# Singin' the "Blues".



## pontilguy (Dec 22, 2011)

Some various cobalt shades.


----------



## blobbottlebob (Dec 22, 2011)

Very nice. I like those early square blobs like that on the Heiss.


----------



## Wheelah23 (Dec 22, 2011)

My god, they're all so amazing I can't even pick! I may have to go with the Seitz, even if they're common. The Conway is a close second. I'd be singin' the blues too, if I had 'em!


----------



## RICKJJ59W (Dec 22, 2011)

That's close to my new story's that's going  in E&W.T soon
   "The Privy Blues"


----------



## andy volkerts (Dec 22, 2011)

[] That is some nice blue!!!........


----------



## Jim (Dec 22, 2011)

Nice cobalts, Bob.
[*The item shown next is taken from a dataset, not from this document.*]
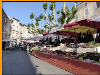
Markt von Clermont l`Hérault.
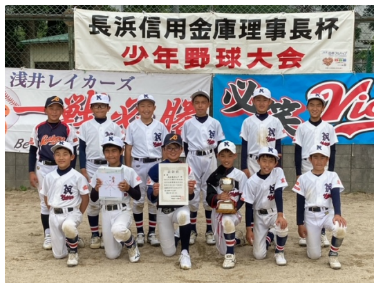
◀ 第28回優勝チーム 浅井長浜LV

That is a cool Seitz porter in that big, beefy mold.  ~Jim


----------



## BellwoodBoys (Dec 23, 2011)

How do you find these cobalt blobs??? Ive been looking for one for the past 3 years!!![]


----------



## pontilguy (Dec 23, 2011)

Thanks, guys.  I like showin' 'em!!   To BellwoodBoys:  I picked these up at flea markets, on eBay, and at bottle shows -- right place at the right time is all.  For example, the Heiss came from Zern's flea market in Gilbertsville, Pa., for DIRT cheap sixteen years ago!


----------



## pontilguy (Dec 23, 2011)

Thanks Jim.  Here's a shot of the Seitz's base.


----------



## bottlekid76 (Dec 24, 2011)

Those all look really great! Awesome looking lineup, that Heiss is a stunner!

 ~Tim


----------



## pontilguy (Dec 24, 2011)

Thanks Tim.  Here's a look at the base....


----------



## bottlekid76 (Dec 24, 2011)

That's a beauty there Bob. It's one I don't have. Sounds like you got a sweet deal on it too! [] Gotta love that!

 All the best,
 ~Tim


----------



## Road Dog (Dec 24, 2011)

I like the Riddle. A bit harder to find in the blue


----------



## pontilguy (Dec 24, 2011)

Quite correct.......


----------



## Stardust (Jan 31, 2012)

Beautiful Blues [&:] ~ Sing on [8D] Love those blues ~ [] *


----------